Male Birth Control Pills Show Promising Results in Recent Study
Several decades after women started taking "the Pill," a men's alternative might be on its way. A recent study found that when men took a trial pill every day for a month, the pill blocked sperm production while being safe for men.
The results were presented at the Endocrine Society in Chicago from research led by Dr. Stephanie Page with the University of Washington School of Medicine. The research team said that the pill in question -- dimethandrolone undecanoate (aka DMAU) -- reduced the testosterone and other hormones that spark sperm production.
"Our goal -- and everyone's goal in this field -- is to develop a method for men that has minimal side effects, and the holy grail would be to develop something that also has a health benefit for men," Page said.
How it Works
The pill includes a drug that serves as an androgen -- like testosterone -- and a progestin. Previous attempts at the male birth control pill have struggled, especially oral pills. Those drugs often leave the body quickly, which would mean men would have to take the pills twice daily in order to actually work.
"The only options currently available for men are vasectomy, condoms and coitus interruptus," Page said. "Forty percent of pregnancies worldwide are unplanned, so there's clearly an unmet need for novel contraceptives, and men have very few options."
However, Page noted at the conference that because of long-chain fatty acid molecules, testosterone is slowed enough to stay in the body for longer.
The study used 83 men aged 18 to 50 who randomly got one of three groups. They could either take a 100 mg, 200 mg or 400 mg dosage of the pill. After 28 days of taking the drug, testosterone dropped to "castrate levels" -- the ideal range of testosterone in the blood after either surgical or chemical castration. Those who took the 400 mg also had a drop in two hormones that regulated testosterone and sperm production.
"Normal testosterone in a man is anywhere from 350 to 1,100 nanograms per deciliter," said Dr. Seth Cohen, an assistant professor of urology at NYU Langone Health, who was not involved in the study. "And they got these guys down to 13 nanograms per deciliter."
According to Cohen, that low level would be found in a pre-pubescent boy or teenage girl -- not an adult male.
"Nine participants had decreased libido, which is not small," he said. "When you put that on a large, multimillion-person basis, you have a huge portion of men running around with very low libido."
A Future for Male Birth Control?
Page noted that this could be a discovery decades in the making, as birth control (outside of condoms) has largely been seen as a "women's issue." The more options that are available to men, the more willing they'd be to consider alternatives to traditional contraception.
"People have been working on male hormonal contraception for 40 to 50 years," Page said. "There are ways of delivering male contraceptives with long-acting implants and injections, but men are interested in having an oral pill available, and the work we presented here is a step forward."

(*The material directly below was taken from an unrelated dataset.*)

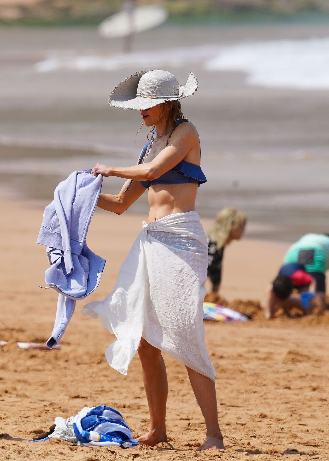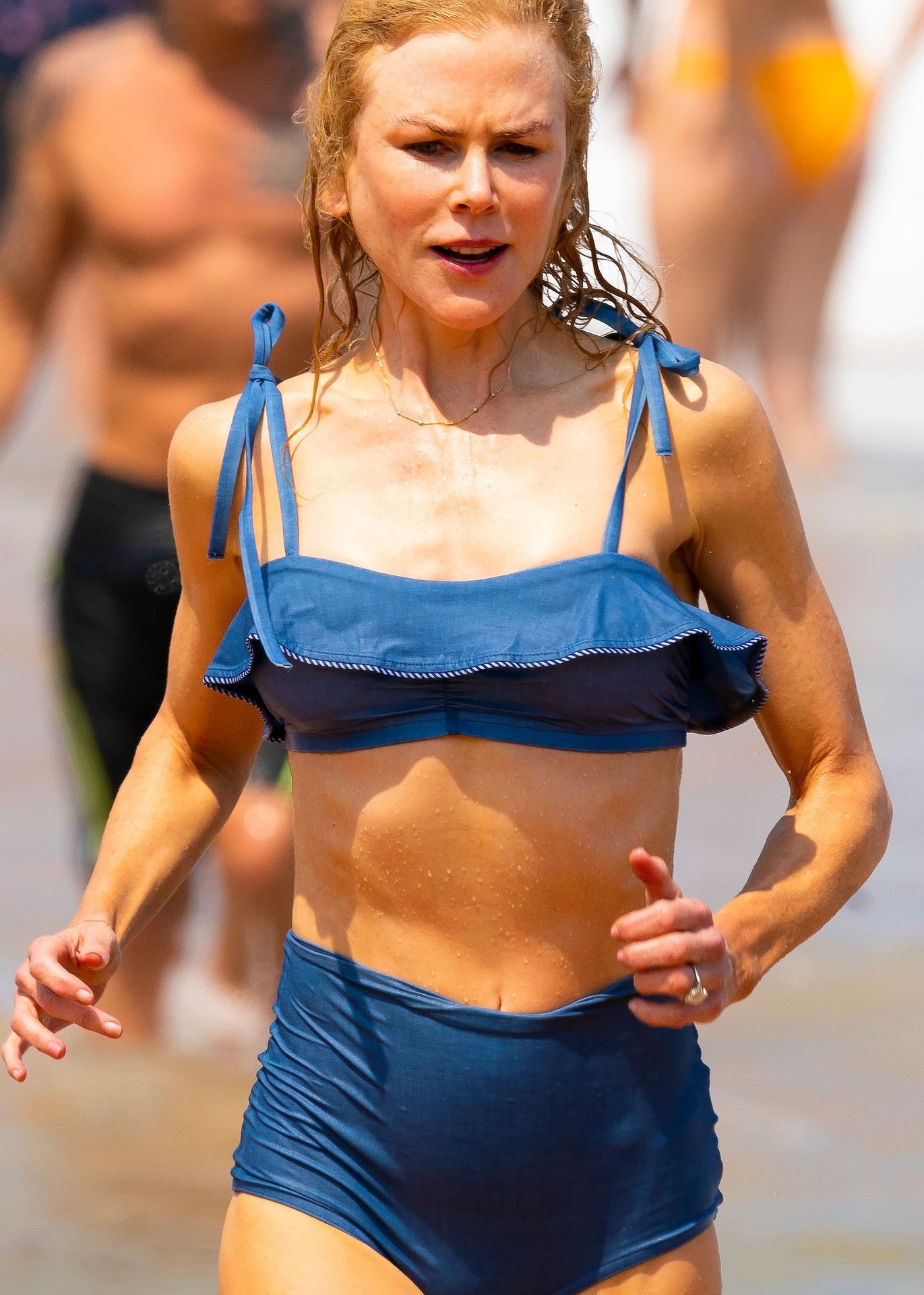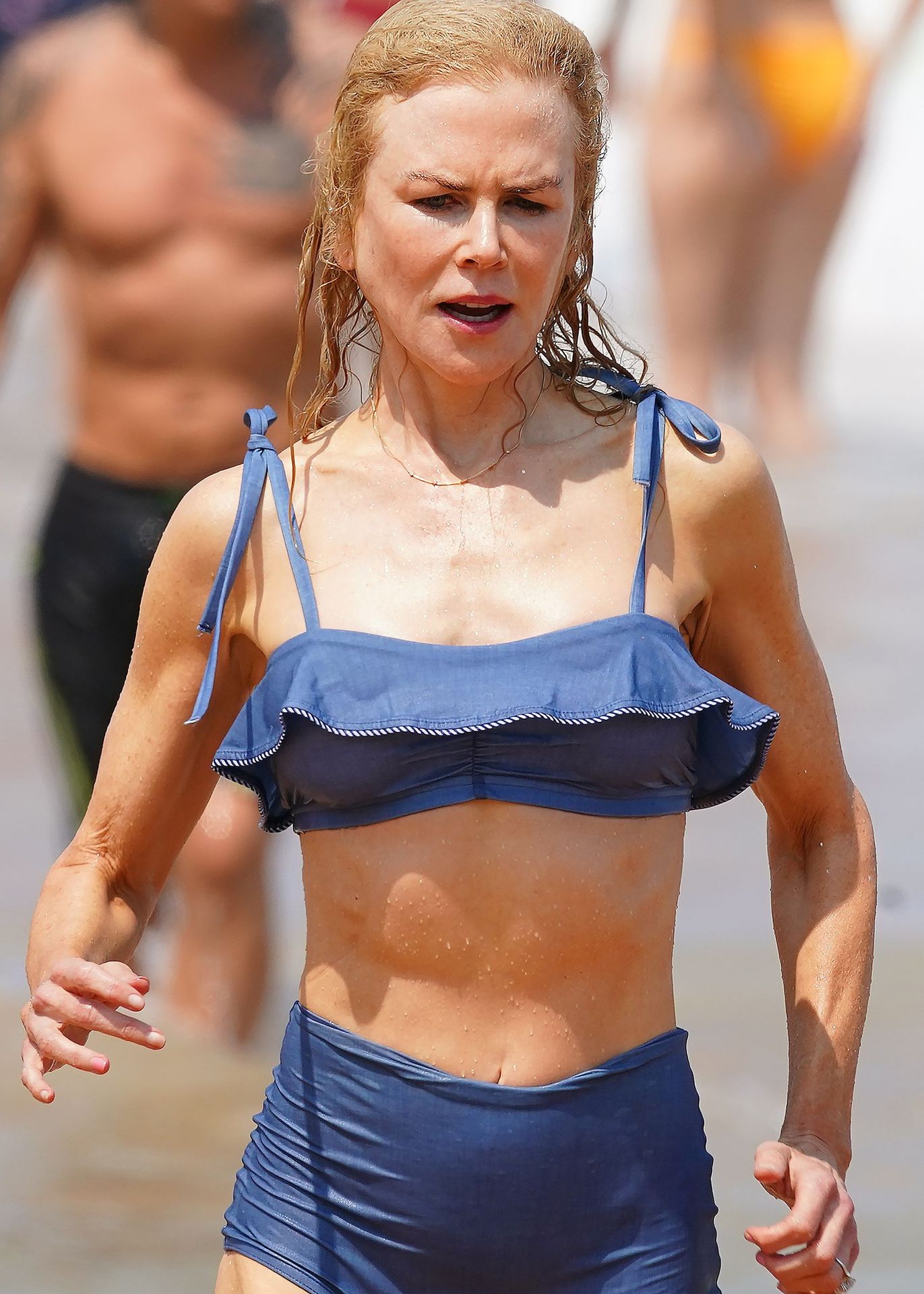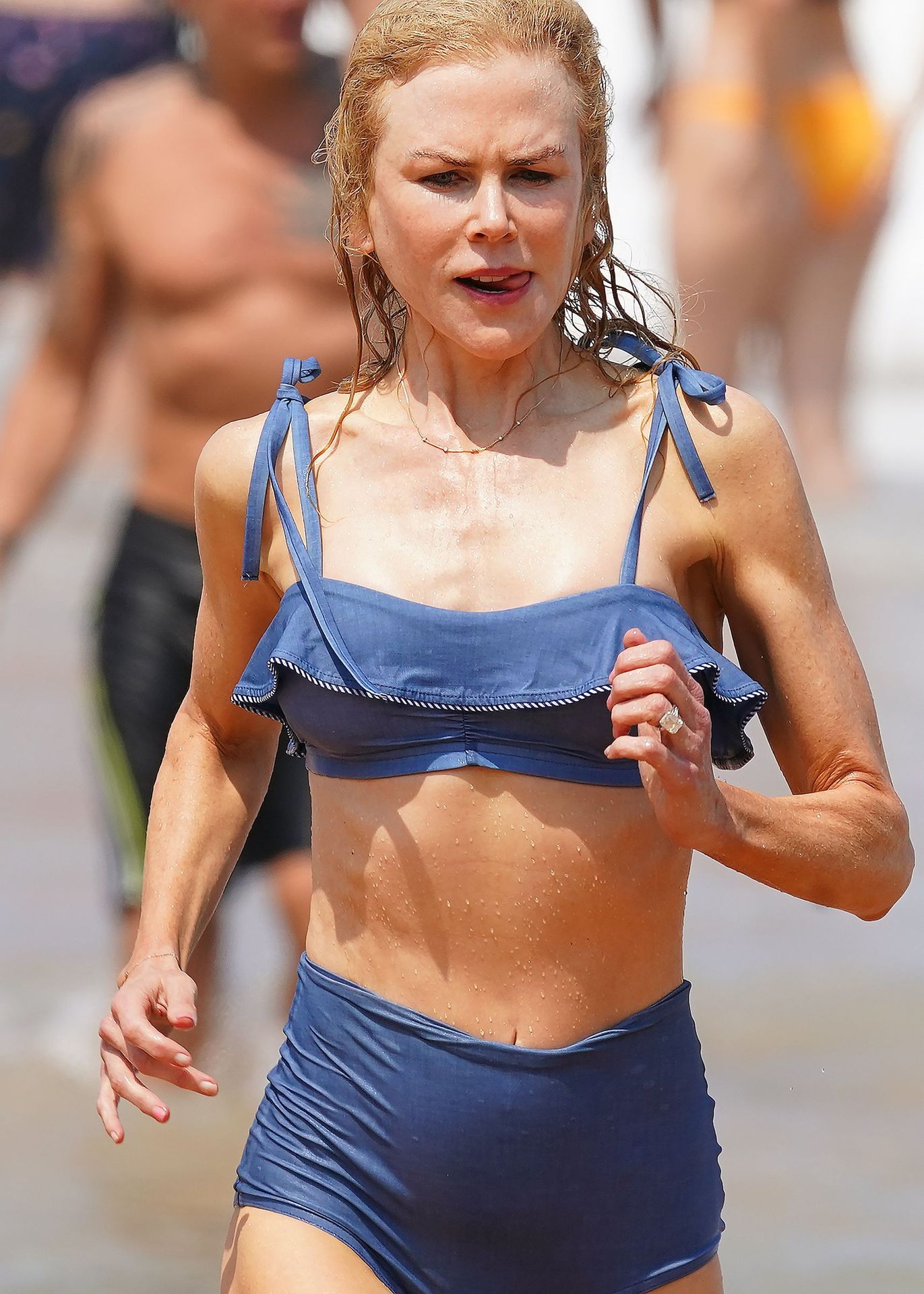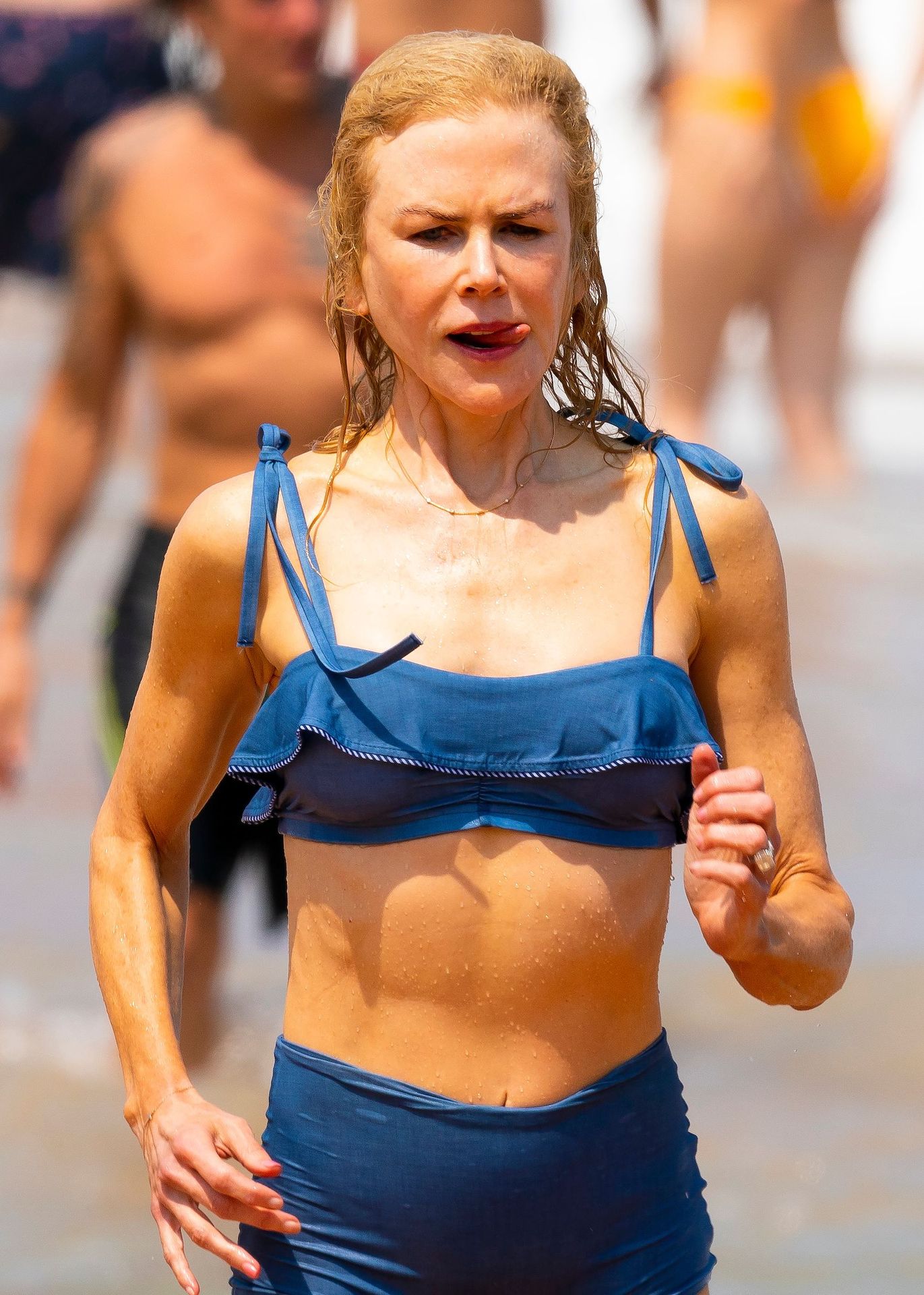 Actress Nicole Kidman was pictured in a blue bikini with her husband Keith Urban at the beach in Sydney, 12/26/2019.

But how does the pill avoid the side effects one would assume would come with such low testosterone levels? DMAU can successfully trick the body into thinking it has adequate testosterone. That's where the androgen-esque parts of the pill come into play, Page said.
"If you simply took the men's testosterone down to these low levels, they would absolutely have side effects. They would have hot flashes just like women do when they go through menopause, and they would have marked changes in sexual desire and function," she said.
"The very important point here is that despite having those low levels of testosterone, the steroid that is given in this prototyped male pill provides the androgen activity in the man in all the other parts of their body," Page added.
The study's 28 day timeframe makes it difficult to gauge long-term effects of using the pill. However, Page and her team remain satisfied with the results as they've determined a potentially safe dosage of the DMAU. Plus, this study could open up doors for future forays into a men's birth control pill and ultimately get it one step closer to a reality.
"The important next step is to show that this does in fact suppress the production of sperm, and that requires at least a three-month study, which we're going to be undertaking starting next month," Page added. "After that, we'll need longer-term studies to look in detail about fine-tuning any potential side effects and ultimately doing a study in couples that actually demonstrates that it works in a real-world use."